[PROMPT]
Write out exactly the lines below starting at the one containing "达到丐帮地图后,从神行点飞到" and ending at the one containing "Capture timeless elegance". Omit every picture.

::: DATA PROVIDED

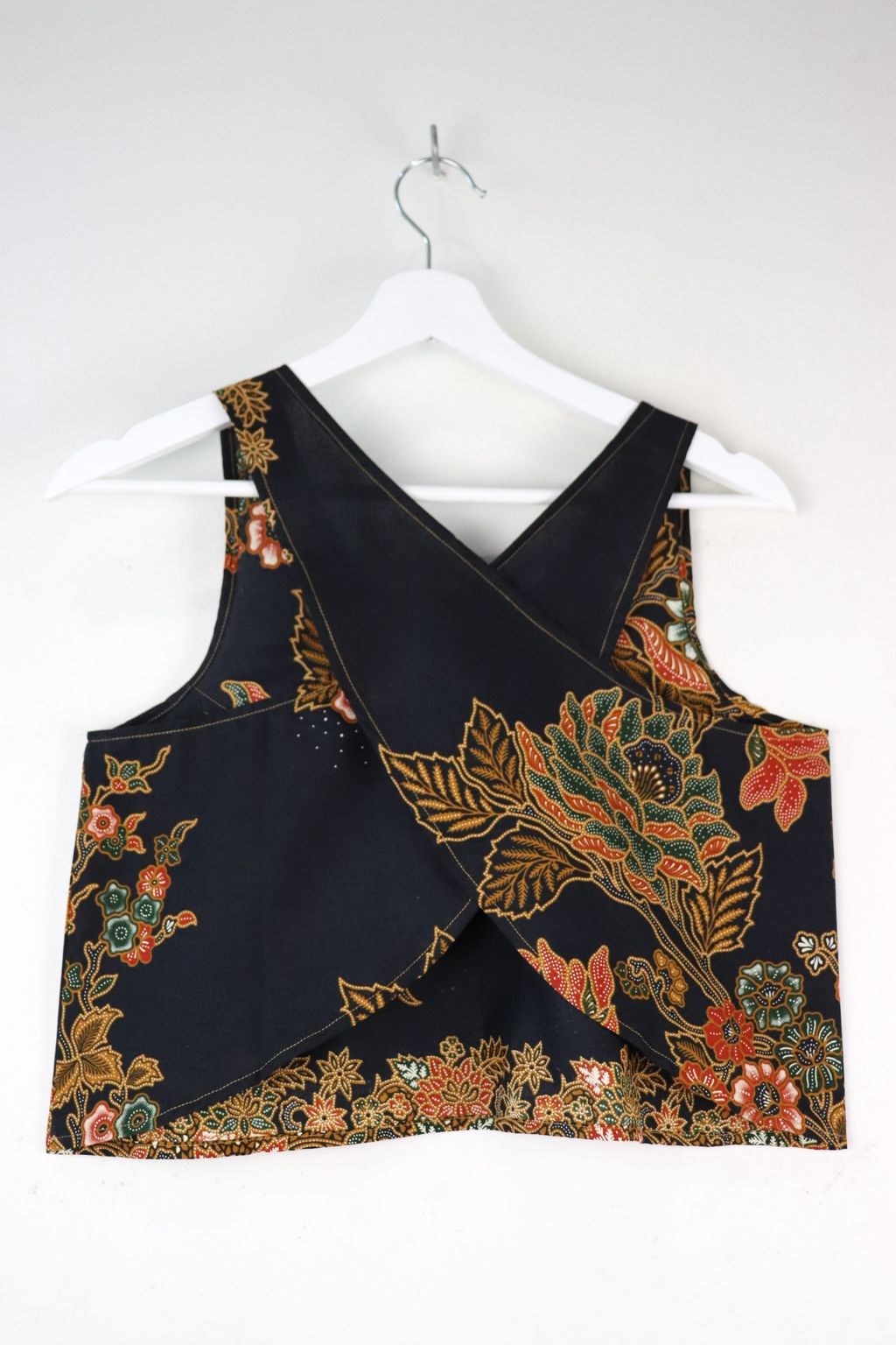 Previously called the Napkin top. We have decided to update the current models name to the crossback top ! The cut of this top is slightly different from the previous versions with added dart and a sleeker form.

::::::
::: DATA PROVIDED

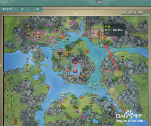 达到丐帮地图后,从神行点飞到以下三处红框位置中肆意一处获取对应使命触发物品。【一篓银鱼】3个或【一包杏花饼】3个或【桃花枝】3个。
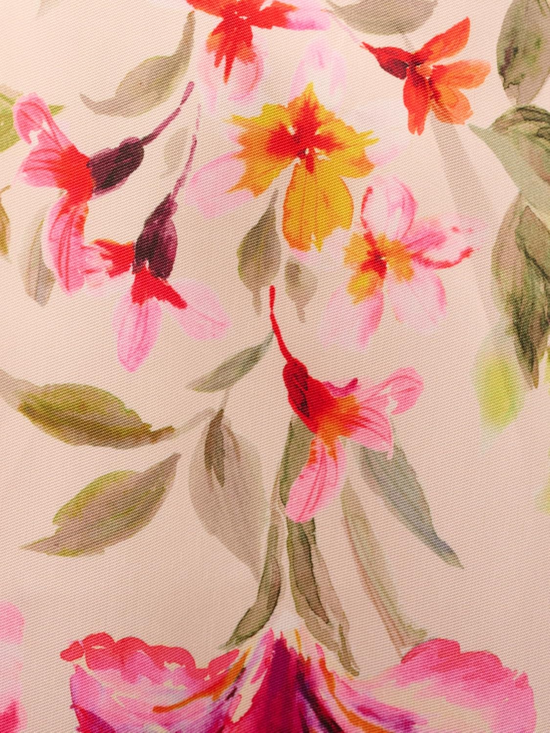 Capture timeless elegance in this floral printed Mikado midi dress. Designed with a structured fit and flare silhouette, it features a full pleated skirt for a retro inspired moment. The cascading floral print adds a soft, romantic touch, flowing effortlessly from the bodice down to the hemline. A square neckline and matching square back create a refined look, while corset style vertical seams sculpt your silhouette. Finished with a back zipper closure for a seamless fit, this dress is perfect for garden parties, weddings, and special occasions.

::::::

[SOLUTION]
 达到丐帮地图后,从神行点飞到以下三处红框位置中肆意一处获取对应使命触发物品。【一篓银鱼】3个或【一包杏花饼】3个或【桃花枝】3个。
 Capture timeless elegance in this floral printed Mikado midi dress. Designed with a structured fit and flare silhouette, it features a full pleated skirt for a retro inspired moment. The cascading floral print adds a soft, romantic touch, flowing effortlessly from the bodice down to the hemline. A square neckline and matching square back create a refined look, while corset style vertical seams sculpt your silhouette. Finished with a back zipper closure for a seamless fit, this dress is perfect for garden parties, weddings, and special occasions.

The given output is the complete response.